Otrzymujemy także składaną instrukcję w formacie A4, która dość szczegółowo przedstawia nam zasady gry. Tuż po jej lekturze będziecie mogli zacząć pląsy, tany i gromkie śpiewy.

Duże i jednocześnie bardzo lekkie kości instrukcji tanecznych. Ich waga jest nieco mniejsza aniżeli w przypadku standardowych kości tego rozmiaru, co sprawia, że praktycznie nie czujemy ich w ręku. Każda z kości różni się od siebie oczkami. Na jednej mamy kolory, na drugiej cyfry, a trzecia zawiera cienie lemurów.

Ostatnim i najliczniejszym elementem gry są 54 karty.

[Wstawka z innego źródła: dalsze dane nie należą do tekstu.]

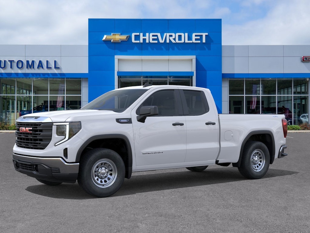 This NEW 2026 Summit White GMC Sierra 1500 Pro 4WD is well equipped and includes these features and benefits: Convenience Package (Deep-Tinted Glass, Electric Rear-Window Defogger, EZ Lift Power Lock & Release Tailgate, Heated Power-Adjustable Outside Mirrors, and LED Cargo Area Lighting), Preferred Equipment Group 1SA (2 Charge/Data USB Ports, 220 Amp Alternator, Chrome Header w/Flat Black Grille Insert Bars, Front Frame-Mounted Black Recovery Hooks, HD Rear Vision Camera, OnStar Services Capable, Power Door Locks, Power Front Windows w/Driver Express Up/Down, Power Front Windows w/Passenger Express Down, Power Rear Windows w/Express Down, Push Button Start, Remote Keyless Entry, Solar Absorbing Tinted Glass, and Wi-Fi Hotspot Capable), Pro Value Package, Standard Suspension Package, Trailering Package (Hitch Guidance), 8-Speed Automatic, 4WD, Jet Black Vinyl, 10-Way Power Driver Seat Adjuster w/Lumbar, 120-Volt Bed Mounted Power Outlet, 120-Volt Interior Power Outlet, 2 Type-C Charge-Only Rear USB Ports, 3.42 Rear Axle Ratio, 4-Way Manual Driver Seat Adjuster, 4-Way Manual Passenger Seat Adjuster, 4-Wheel Disc Brakes, 6 Speakers, 6-Speaker Audio System Feature, ABS brakes, Air Conditioning, AM/FM radio, Apple CarPlay/Android Auto, Auto High-beam Headlights, Automatic Emergency Braking, Brake assist, Buckle to Drive, Bumpers: chrome, Compass, Delay-off headlights, Driver door bin, Dual front impact airbags, Dual front side impact airbags, Electronic Stability Control, Emergency communication system: OnStar, Following Distance Indicator, Forward Collision Alert, Front 40/20/40 Split-Bench Seat, Front anti-roll bar, Front Center Armrest w/Storage, Front License Plate Kit, Front Pedestrian Braking, Front reading lights, Front wheel independent suspension, Fully automatic headlights, Illuminated entry, IntelliBeam Automatic High Beam On/Off, Lane Keep Assist w/Lane Departure Warning, Low tire pressure warning, Occupant sensing airbag, Outside temperature display, Overhead airbag, Overhead console, Panic alarm, Passenger door bin, Passenger vanity mirror, Power steering, Power windows, Radio data system, Radio: GMC Infotainment Audio System, Rear reading lights, Rear step bumper, Remote keyless entry, Speed control, Speed-sensing steering, Split folding rear seat, Tachometer, Tilt steering wheel, Traction control, Trip computer, Variably intermittent wipers, Vinyl Seat Trim, Voltmeter, Wheels: 17 x 8 Silver Painted Steel, and Wireless Apple CarPlay/Wireless Android Auto.

Każda z kart składa się z 3 ważnych elementów: koloru, liczby lemurów oraz jednej z 3 postaci. Główna ilustracja znajdująca się na głównym planie karty powtarza się praktycznie na wszystkich kartach. Znajdziemy tam po prostu lemury w różnej liczbie od 1 do 3.  Kluczowe jednak miejsce na karcie znajduje się na każdym z 4 rogów karty, dzięki czemu podczas odpowiedniego ułożenia kart w ręku, możemy dostrzec wszystkie niezbędne w rozgrywce informacje.

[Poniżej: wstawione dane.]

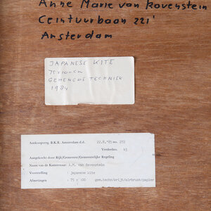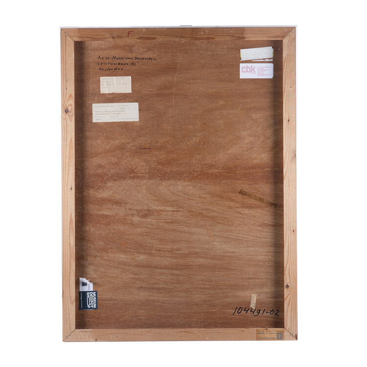 Abstract werk met donkere kleuren door Annemarie Ravenstein. Gemengde techniek op papier. Gedateerd en gesigneerd. Datering: 1984. Conditie: het werk is in goede staat de plastic omlijsting is lichtbeschadigd. Afmetingen: 100 x 75 cm.

W pudełko możemy znaleźć także 4 bonusowe karty do gry Pingwiny z Madagaskaru od wydawnictwa Phalanx.

Rozgrywka

Rozgrywka w Niech Żyje Król Julian jest banalnie prosta. Otóż co turę, na zmianę każdy z graczy będzie turlał kolejno kośćmi, aby symbol, który się na niej pojawi wskazał graczom, która kartę z ręki będzie trzeba jak najszybciej zagrać na pole parkietu. Osoba, która zrobi to jako pierwsza, pozbywa się zagranej karty z ręki. Wygrywa ten z graczy, któremu uda się pozbyć wszystkich kart jako pierwszemu.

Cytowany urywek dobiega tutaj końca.